As stated above, in this paper we propose a way of performing the automatic synthesis of the rules of P systems with active membranes using cooperative evolution, communication, and division rules, by means of evolutionary algorithms and using only pairs of configurations in consecutive time steps to drive the synthesis. In particular, we define a $(\mu +\lambda )$ evolutionary algorithm using sets of P systems’ rules, where the fitness function is based on a distance measure between labeled trees, each representing a configuration of a P system. The choice of using $(\mu +\lambda )$ evolutionary algorithms is twofold: first of all, the algorithm is simple but generally effective, on the other hand, the distance measure used should be sufficient to guide the search process. We then define seven different benchmark problems, each one dedicated to investigating the ability of the evolutionary algorithm to learn different types of rules, namely send-in, send-out, division, and object rewriting rules. Let us note that, while we employ our specific model of P systems with active membranes, the approach proposed here is quite general and can, in principle, be applied to a large number of different P system models.

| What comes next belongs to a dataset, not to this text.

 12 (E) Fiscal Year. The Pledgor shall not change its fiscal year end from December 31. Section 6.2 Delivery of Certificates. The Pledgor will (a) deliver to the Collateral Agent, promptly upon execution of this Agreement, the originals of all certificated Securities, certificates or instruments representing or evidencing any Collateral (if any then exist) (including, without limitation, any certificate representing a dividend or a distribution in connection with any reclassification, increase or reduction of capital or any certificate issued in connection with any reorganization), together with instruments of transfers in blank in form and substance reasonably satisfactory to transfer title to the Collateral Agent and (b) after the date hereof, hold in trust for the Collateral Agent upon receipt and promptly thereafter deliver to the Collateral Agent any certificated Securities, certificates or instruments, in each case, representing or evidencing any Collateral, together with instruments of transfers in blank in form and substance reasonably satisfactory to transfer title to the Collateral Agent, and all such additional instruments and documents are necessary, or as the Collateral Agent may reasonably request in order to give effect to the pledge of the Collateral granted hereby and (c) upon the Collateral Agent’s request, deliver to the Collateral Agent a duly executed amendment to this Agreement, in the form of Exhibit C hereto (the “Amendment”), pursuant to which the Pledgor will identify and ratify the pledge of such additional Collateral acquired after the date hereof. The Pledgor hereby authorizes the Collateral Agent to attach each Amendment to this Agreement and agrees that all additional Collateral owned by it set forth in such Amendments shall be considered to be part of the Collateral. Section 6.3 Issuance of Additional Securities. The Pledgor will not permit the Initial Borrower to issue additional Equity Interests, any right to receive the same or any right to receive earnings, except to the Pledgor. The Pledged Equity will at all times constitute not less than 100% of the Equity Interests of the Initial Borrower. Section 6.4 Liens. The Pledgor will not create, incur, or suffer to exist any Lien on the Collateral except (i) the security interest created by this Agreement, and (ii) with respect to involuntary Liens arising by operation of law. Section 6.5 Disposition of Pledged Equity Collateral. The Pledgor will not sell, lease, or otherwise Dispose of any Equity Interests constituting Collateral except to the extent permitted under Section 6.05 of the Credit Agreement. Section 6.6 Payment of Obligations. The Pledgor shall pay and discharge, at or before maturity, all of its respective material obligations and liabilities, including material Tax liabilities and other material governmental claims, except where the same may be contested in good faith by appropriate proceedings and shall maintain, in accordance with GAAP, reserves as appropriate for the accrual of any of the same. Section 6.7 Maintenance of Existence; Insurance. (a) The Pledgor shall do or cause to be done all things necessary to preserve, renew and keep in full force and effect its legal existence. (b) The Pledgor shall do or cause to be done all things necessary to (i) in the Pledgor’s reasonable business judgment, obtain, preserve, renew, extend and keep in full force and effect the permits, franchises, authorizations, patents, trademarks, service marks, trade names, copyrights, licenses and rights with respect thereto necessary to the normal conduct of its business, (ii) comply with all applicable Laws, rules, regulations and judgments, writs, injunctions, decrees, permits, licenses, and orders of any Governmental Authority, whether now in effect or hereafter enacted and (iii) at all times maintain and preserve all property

The rest of this paper is organized as follows: Section 2 recalls some basic notions and notations which are used in the following. Section 3 details how the proposed $(\mu +\lambda )$ evolutionary algorithm works. The experimental settings and the benchmark problems used during our computer experiments are exposed in Section 4, while the results are presented in Section 5. Section 6 contains the conclusions, and proposes some directions for future research.